I am very much interested in studying the dynamics of boundary layer clouds like stratocumulus and shallow cumulus clouds. To this end our group is using a Large-Eddy model to simulate turbulence in these clouds. We typically use observations as a basis for model initialization, while, in turn, observations of turbulence can directly be used to compare with the modeling results. If the model is capable to realistically reproduce the observations, its major advantageis that sensitivity studies can be performed. For example, one can study how small temperature or humidity fluctations affect the turbulence structure, from which we may learn how these cloud systems behave. Most of our modeling exercitions are performed at the Dutch Supercomputer "Huygens" installed in Amsterdam.

Because weather forecast and climate models use a rather coarse grid resolution, the turbulent eddies in the boundary layer are not resolved by these models. Therefore their bulk effect on the vertical transport of heat, moisture and momentum must be calculated by means of parameterizations. This is were the observations and Large-Eddy Simulation model results and the observations turn out to be vital.

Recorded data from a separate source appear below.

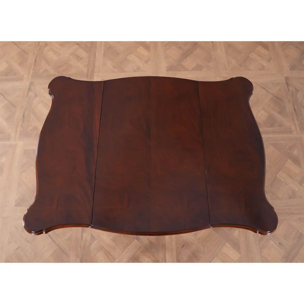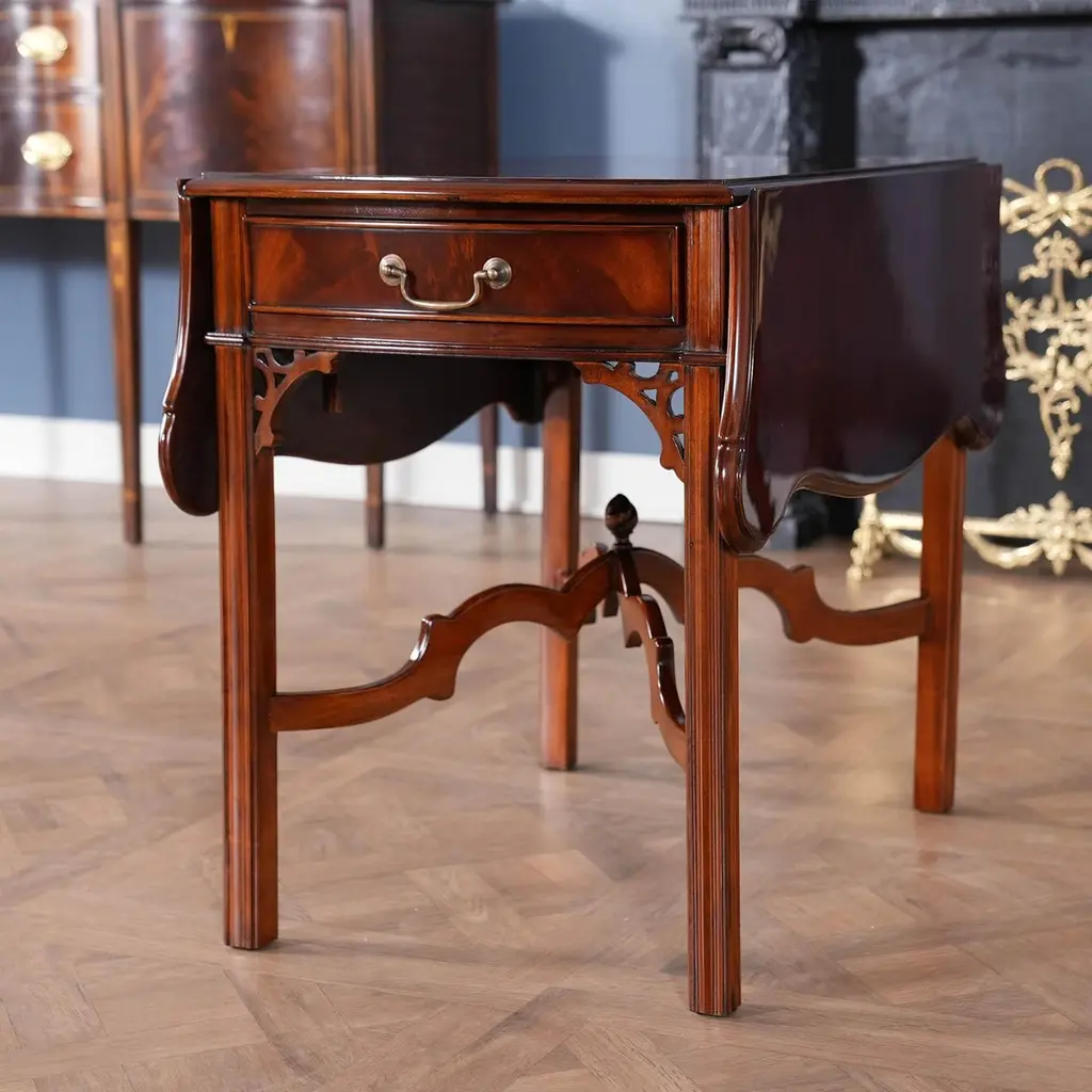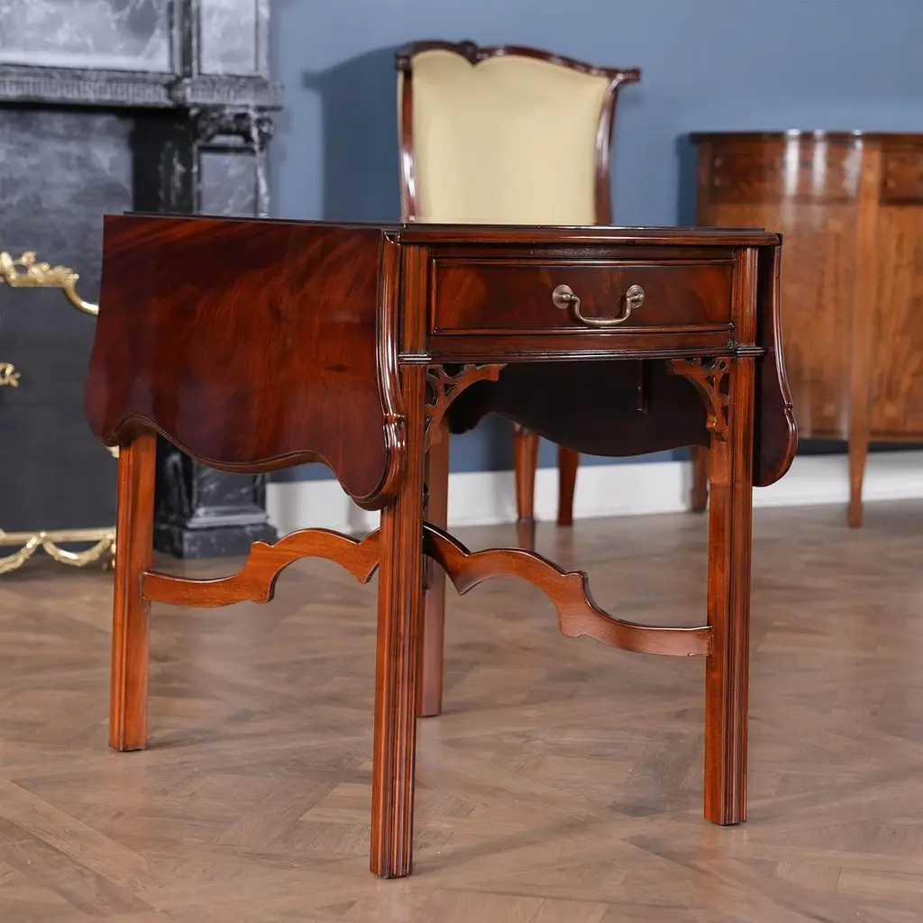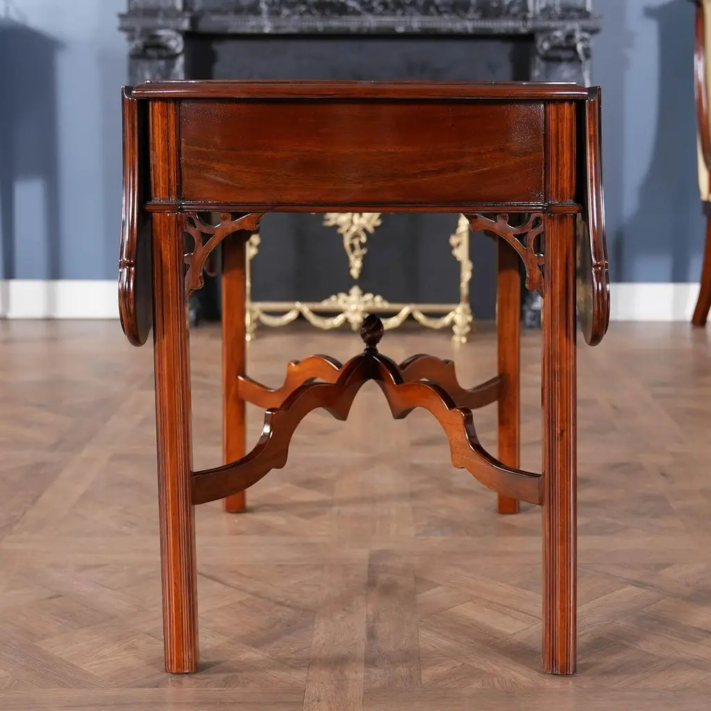 The Niagara Furniture version of the Philadelphia Pembroke Table is the largest table of it’s kind that we know of. The table is versatile due it’s ability to expand in size using the drop down side panels and can be used throughout the home. High quality solid mahogany supports hold the leaves in place when they are raised. Also often referred to as either a dropside table or breakfast table.Measures 22.5″w – 45″w x 32″d x 28.5″h metric 58-114 81 74
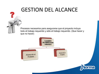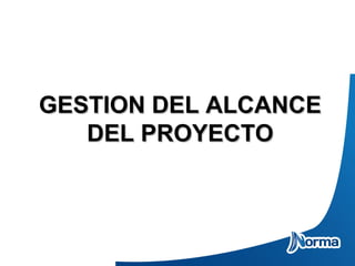Este documento describe los procesos de gestión del alcance de un proyecto, incluyendo la planificación del alcance, la definición del alcance, la verificación del alcance y el control del alcance. La gestión del alcance se enfoca en asegurar que el proyecto incluya todo el trabajo requerido y sólo el trabajo requerido mediante el uso de herramientas y técnicas apropiadas.
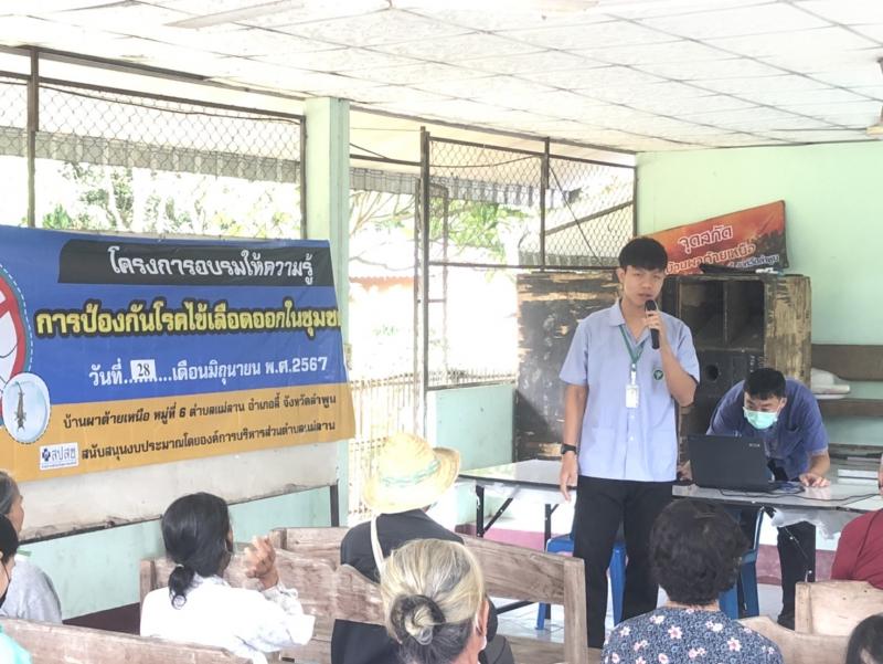 วันที่ 28 มิถุนายน 2567 เวลา 09.00 น. องค์การบริหารส่วนตำบลแม่ลาน นำโดย นายโสภณ มีมัง นายกองค์การบริหารส่วนตำบลแม่ลาน พร้อมด้วยคณะผู้บริหาร ผู้อำนวยการกองการศึกษา และผู้ช่วยนักวิเคราะห์นโยบายและแผนองค์การบริหารส่วนตำบลแม่ลาน เข้าร่วมโครงการอบรมให้ความรู้ การป้องกันโรคไข้เลือดออกในชุมชน โดยมี นายโสภณ มีมัง นายกองค์การบริหารส่วนตำบลแม่ลาน เป็นประธานในพิธีเปิดโครงการฯ ดังกล่าว ณ ศาลากลางประจำหมู่บ้าน บ้านผาต้ายเหนือ หมู่ที่ 6 ตำบลแม่ลาน อำเภอลี้ จังหวัดลำพูน สนับสนุนงบประมาณโดย สนับสนุนงบประมาณโดย กองทุนหลักประกันสุขภาพฯ องค์การบริหารส่วนตำบลแม่ลาน
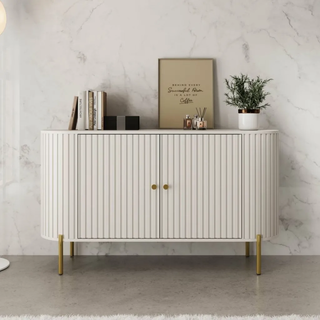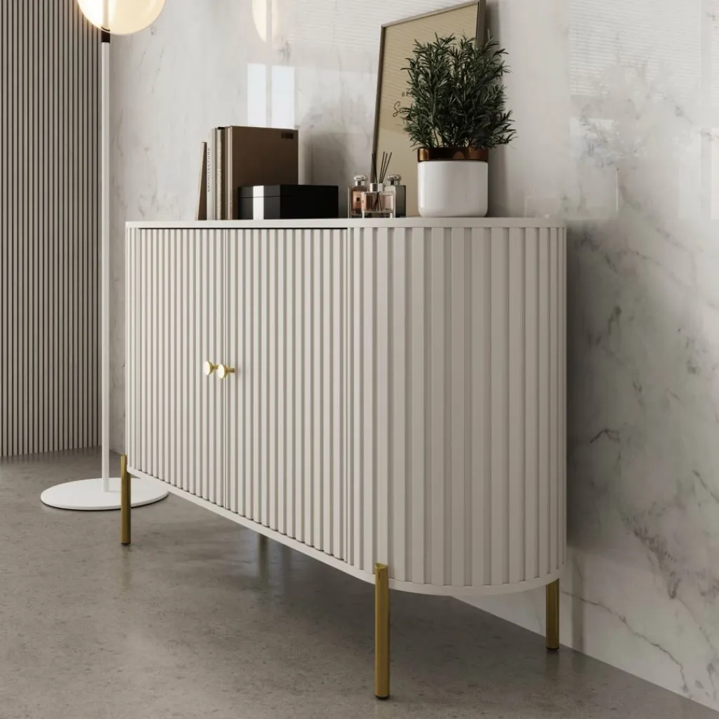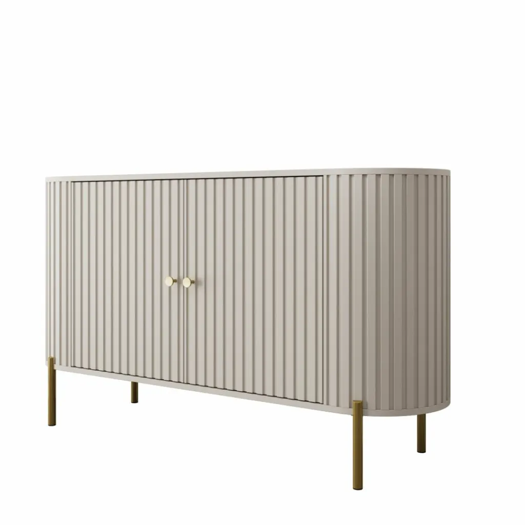 Het Sorenna dressoir in beige is een stijlvolle opberger met een luxe uitstraling. De verticale latstructuur aan de voorzijde geeft het meubel karakter, terwijl de slanke goudkleurige poten zorgen voor een moderne afwerking. Dankzij de twee draaideuren met ronde greep open je het dressoir eenvoudig en heb je direct toegang tot de ruime opbergvakken met tussenplank. Handig voor servies, glaswerk, papieren en andere items die je graag uit het zicht bewaart.
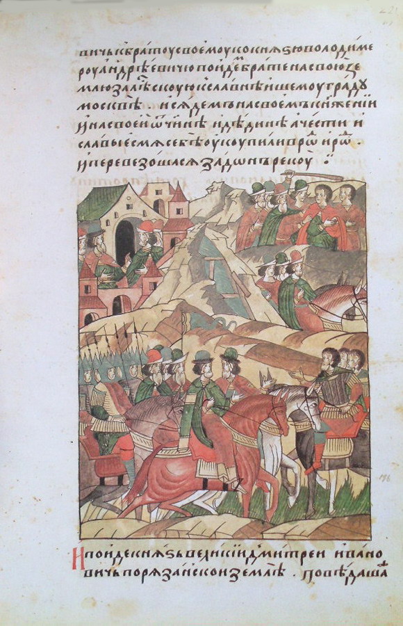 брату своему князю Владимиру Андреевичу: "Пойдем, брат, на свою землю Залесскую[1], к славному городу Москве и сядем на своем княжении, на своем отцовском и дедовском столе, ведь мы приобрели себе чести и славы на весь свой род". И переправились они через Дон.
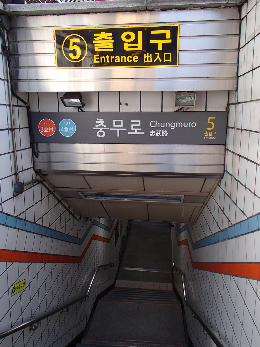ソウル地下鉄の忠武路駅は3号線と4号線が交差している乗り換え駅で明洞の一つとなりの駅です。
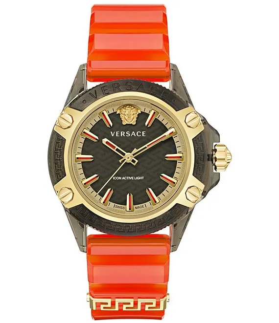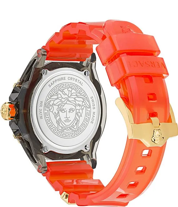 Versace Men's Icon Active Quartz Analog Orange Transparent Silicone Strap Watch
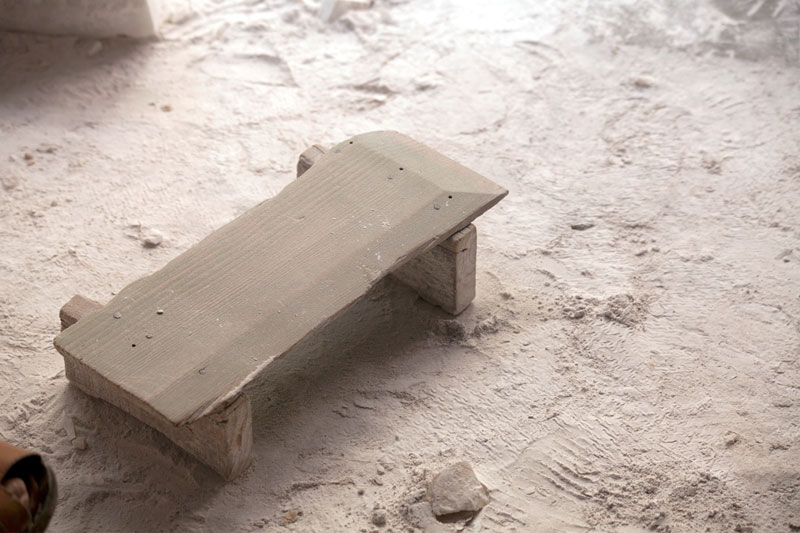 This is used to blow away the stone dust from the statue especially from those parts where the brush cannot reach or when dust collects on the inner parts of the statue.
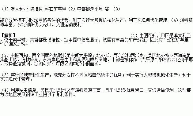 (4)丙图所示国家东北部地区发展钢铁工业有利条件是__________(至少1点)。
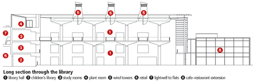 The scheme manages to pack more accommodation on to the site than was stipulated in the council’s planning brief. It does so by slipping the library into the lowest level of the sloping site, which neatly conceals an extra floor fitted into it.
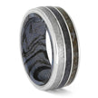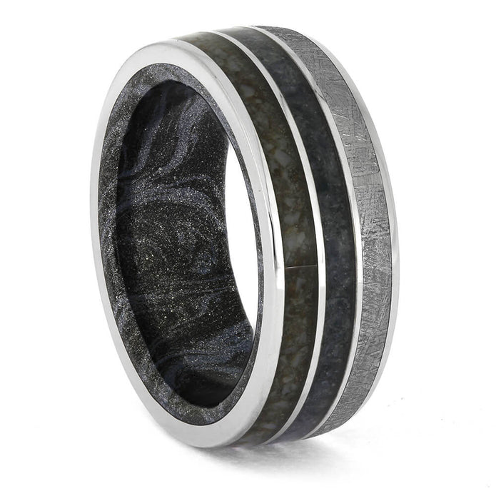 Meteorite Ring with Blue Hues and a Mokume Sleeve
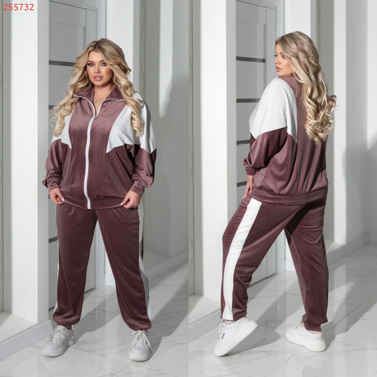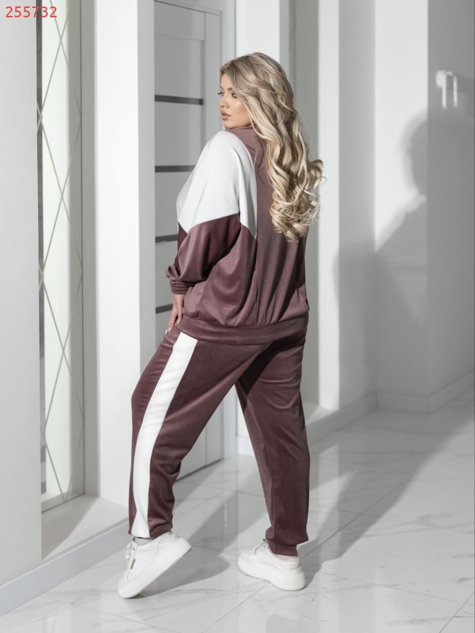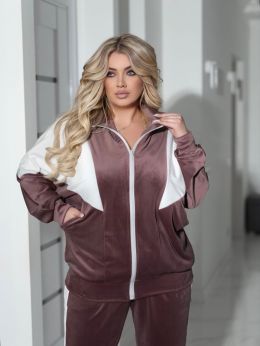 Комфортний та сучасний костюм із м'якого велюру гарної якості. Тканина приємна до тіла, гарно виглядає та має чудово розтяжність . Кофтинка вільного крою з білими вставками та з кишенями. Штани с кишенями та лампасами, низ штанів на манжетах . Костюм підійде як для прогулок так для повсякденного носіння.
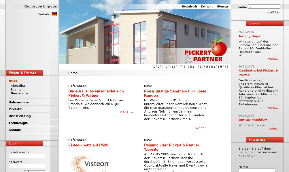 Die Firma Pickert & Partner GmbH aus Pfinztal, ihres Zeichens Softwarehaus für Qualitätsmanagement, erhielt eine vollständig erneuerte Internetpräsenz. Kernstück ist ein umfassendes Redaktionssystem (so genanntes Content Management System), mit welchem die Mitarbeiter des Unternehmens Publikationen frei erstellen und verwalten können. Neben der Veröffentlichung von multilingualen Inhalten wird es Pickert & Partner nun möglich sein, Unternehmensnachrichten in einem umfassenden Newsletter-System zu versenden und zu überwachen.
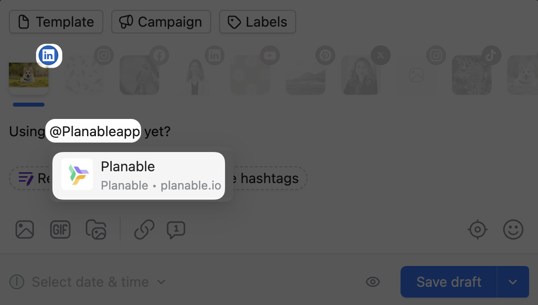 Tagging options are only available for Facebook, LinkedIn, and X (ex-Twitter) at this moment. We'll see both cases below.

Our group has a strong collaboration with our colleagues from the Dutch Royal Meteorological Office (KNMI). Various students have done an internship or a Master's research project at the KNMI, and observations collected at the 200 m tall Cabauw meteorological tower operated by the KNMI have been served as research data sets for our students.

We are currently involved in a European Union funded research programme, EUCLIPSE. The main question is to study the cloud feedback on a future climate change and to reduce the uncertainty in the representation of cloud processes and feedbacks in the new generation of cloud models. A nice movie about the project has been made for EURONEWS.